Open MPI User's Mailing List Archives

  |   Home   |   Support   |   FAQ   |   all Open MPI User's mailing list

Subject: [OMPI users] Performance scaled messaging and random crashes
From: Sébastien Boisvert (Sebastien.Boisvert.3_at_[hidden])
Date: 2012-06-28 22:03:03


Hello,

I am getting random crashes (segmentation faults) on a super computer
(guillimin)
using 3 nodes with 12 cores per node. The same program (Ray) runs
without any
problem on the other super computers I use.

The interconnect is "InfiniBand: QLogic Corp. InfiniPath QME7342 QDR
HCA" and
the messages transit using "performance scaled messaging" (PSM) which I
think is some
sort of replacement to Infiniband verbs although I am not sure.
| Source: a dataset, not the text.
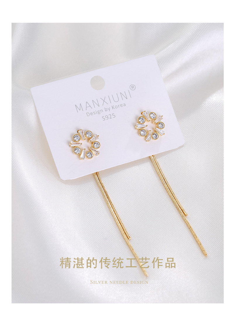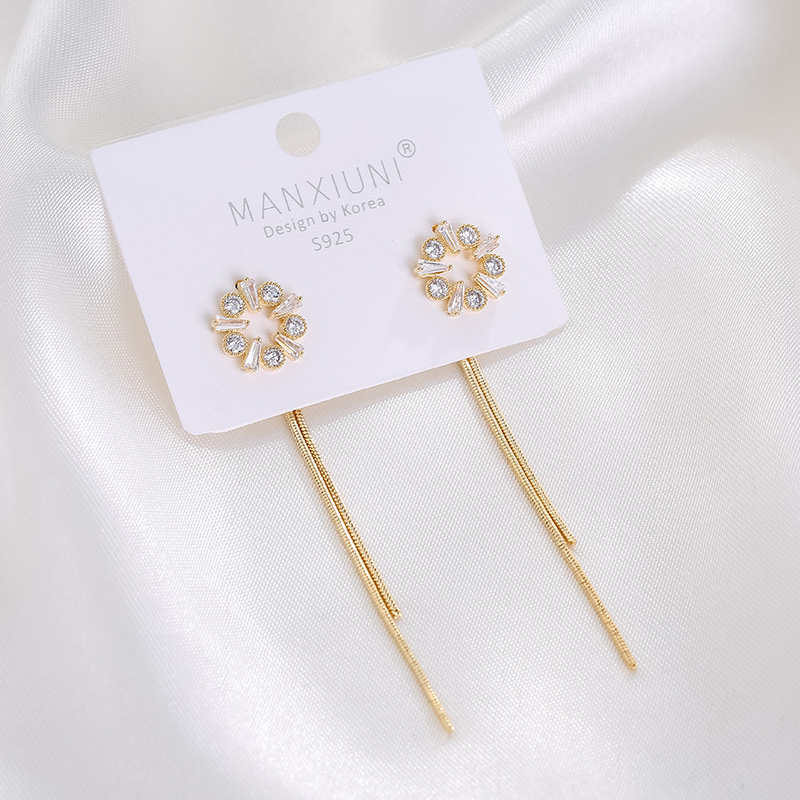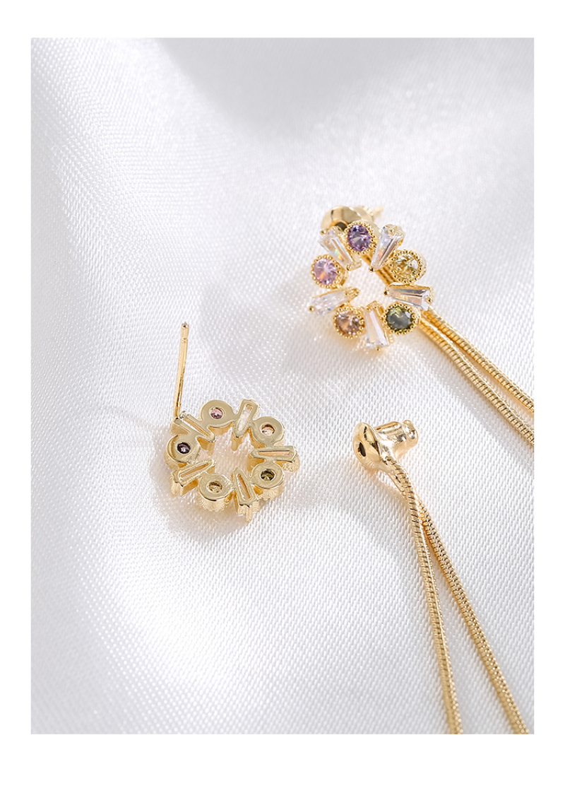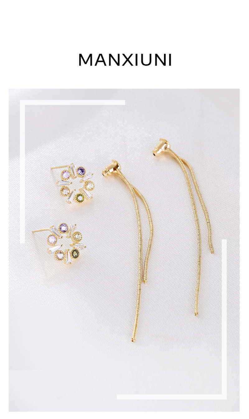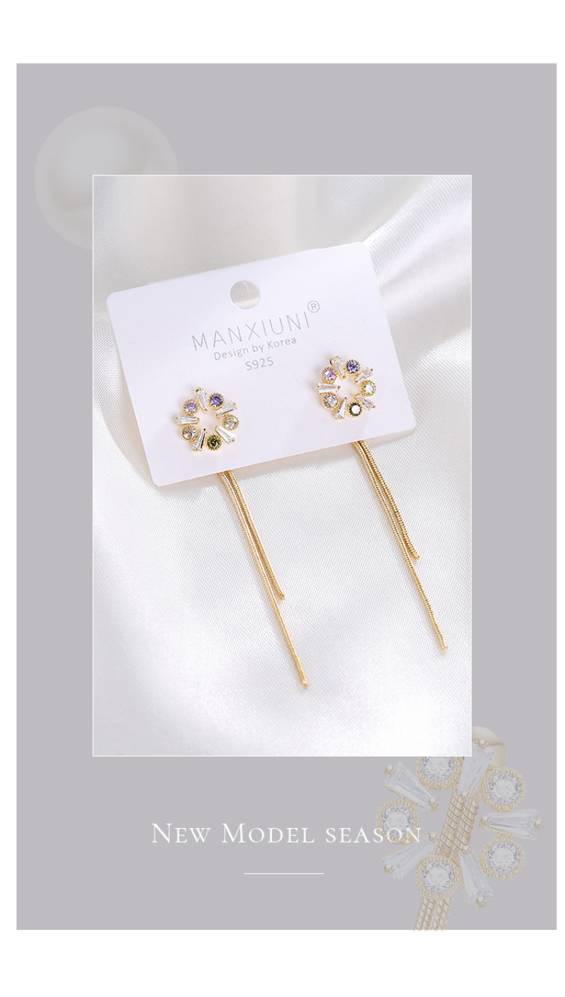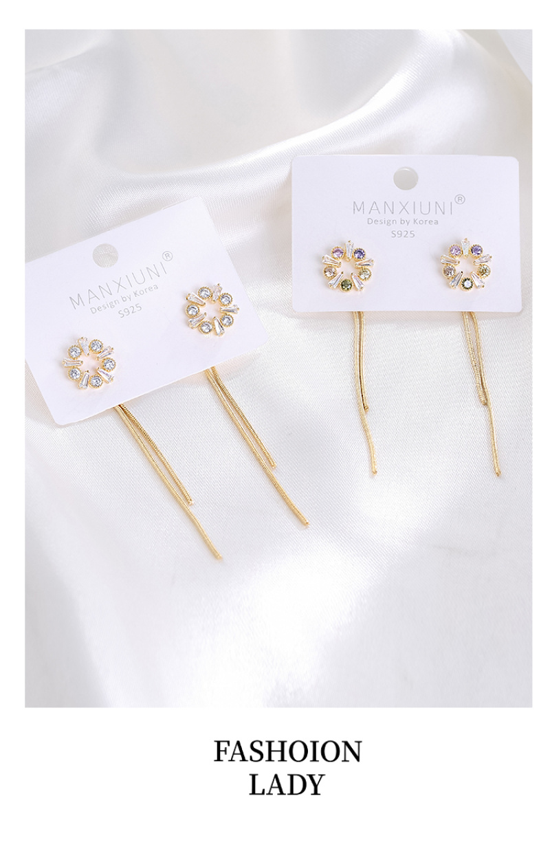 1款2戴流苏耳环925银针锆石耳坠彩色耳饰品厂家直销韩版批发耳环
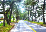天然記念物の御油の松並木は600m程に約300本が植わる。通勤時間帯と重なり、車が途切れることなく通り過ぎるため風情は台無し。

Adding '--mca mtl ^psm' to the Open-MPI mpiexec program options solves
the problem, but increases the latency from 20 microseconds to 55
microseconds.

There seems to be some sort of message corruption during the transit,
but I can not rule out
other explanations.

I have no idea what is going on and why disabling PSM solves the problem.

Versions

module load gcc/4.5.3
module load openmpi/1.4.3-gcc

Command that randomly crashes

mpiexec -n 36 -output-filename MiSeq-bug-2012-06-28.1 \
Ray -k 31 \
-o MiSeq-bug-2012-06-28.1 \
-p \
data-for-system-tests/ecoli-MiSeq/MiSeq_Ecoli_MG1655_110527_R1.fastq \
data-for-system-tests/ecoli-MiSeq/MiSeq_Ecoli_MG1655_110527_R2.fastq

Command that completes successfully

mpiexec -n 36 -output-filename psm-bug-2012-06-26-hotfix.1 \
--mca mtl ^psm \
Ray -k 31 \
-o psm-bug-2012-06-26-hotfix.1 \
-p \
data-for-system-tests/ecoli-MiSeq/MiSeq_Ecoli_MG1655_110527_R1.fastq \
data-for-system-tests/ecoli-MiSeq/MiSeq_Ecoli_MG1655_110527_R2.fastq

Sébastien Boisvert